IDA Foundation
- Founded: 1972
- Type: Not-for-profit Social enterprise
- Headquarters: Amsterdam, Netherlands
- Location: Slochterweg 35, 1027 AA Amsterdam;
- Coordinates: 52°23′34″N 4°57′41″E﻿ / ﻿52.3927°N 4.9614°E
- Region served: Worldwide (130+ countries)
- Products: Essential medicines, medical supplies
- Key people: Wendy Eggen (CEO) Jenno Ipema (CFO)
- Website: www.idafoundation.org

= International Dispensary Association Foundation =

The International Dispensary Association Foundation (IDA Foundation) was created in 1972 in Amsterdam.
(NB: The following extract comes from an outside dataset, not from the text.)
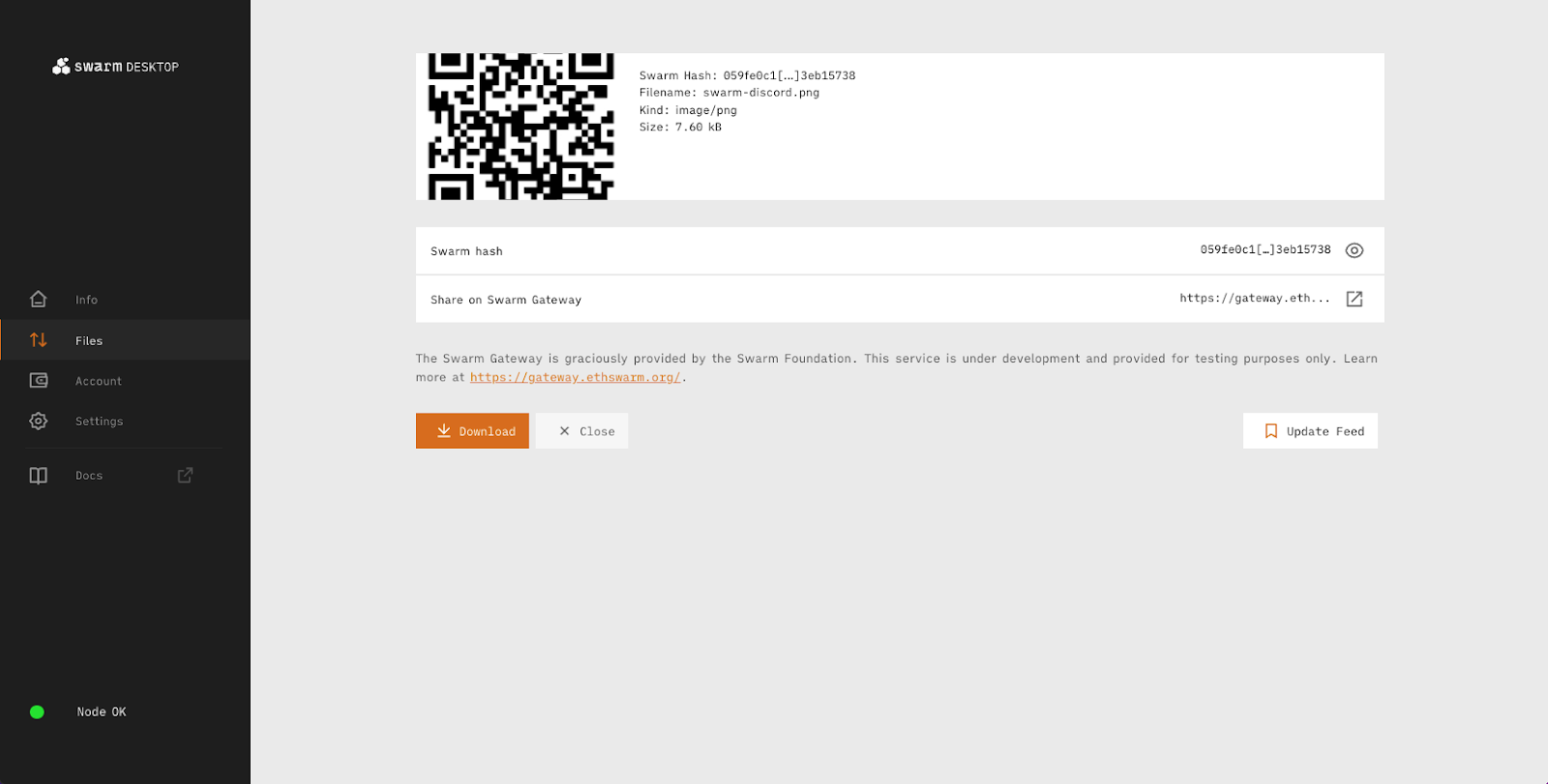 Once your file is uploaded a Swarm hash and Swarm Gateway link will be displayed (which you can use to share the file with others) along with other pertinent information.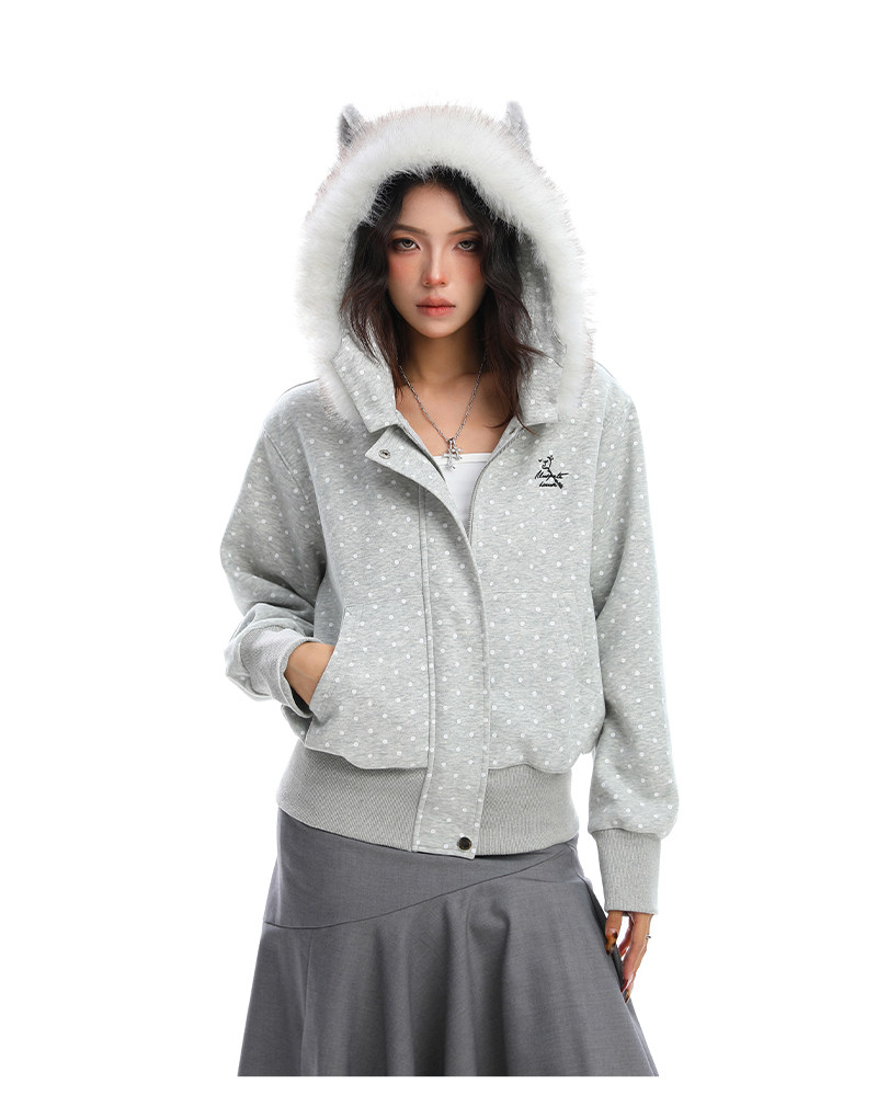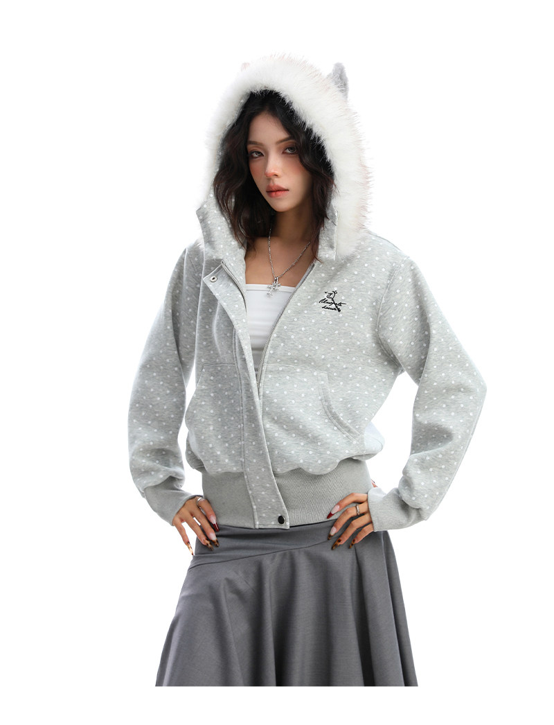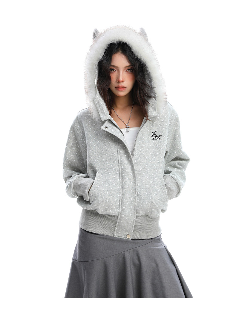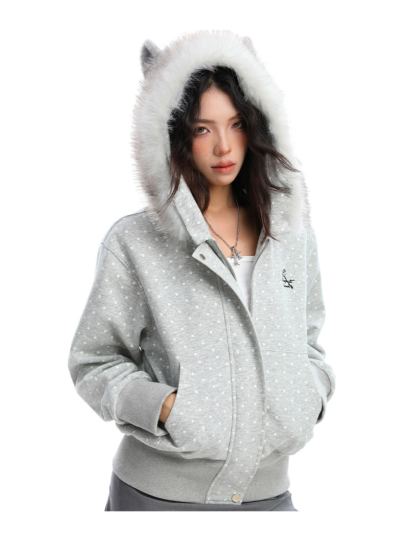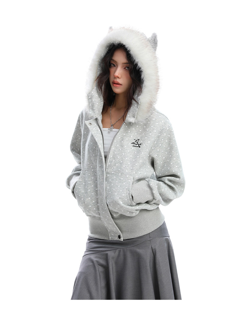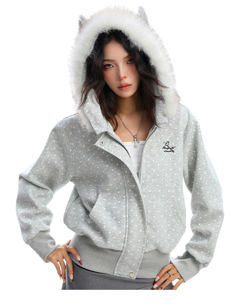 美式復古波點印花毛領貓耳朵連帽開衫衛衣女秋季休閑外套

Its goal is to improve access to important medications and health care equipment in the developing world. It works to achieve this by directly selling these items to organizations working in those areas of the world. It is a not for profit organisation. As of 2019 they were selling more than 3,000 products in more than 130 countries. What they distribute is based in part on the WHO Model List of Essential Medicines.

Oily chloramphenicol (or chloramphenicol oil suspension) is a long-acting preparation of chloramphenicol first introduced by Roussel Uclaf in 1954; marketed as Tifomycine, it was originally used as a treatment for typhoid. Roussel stopped production of oily chloramphenicol in 1995; the IDA Foundation has manufactured it since 1998, first in Malta and then in India from December 2004.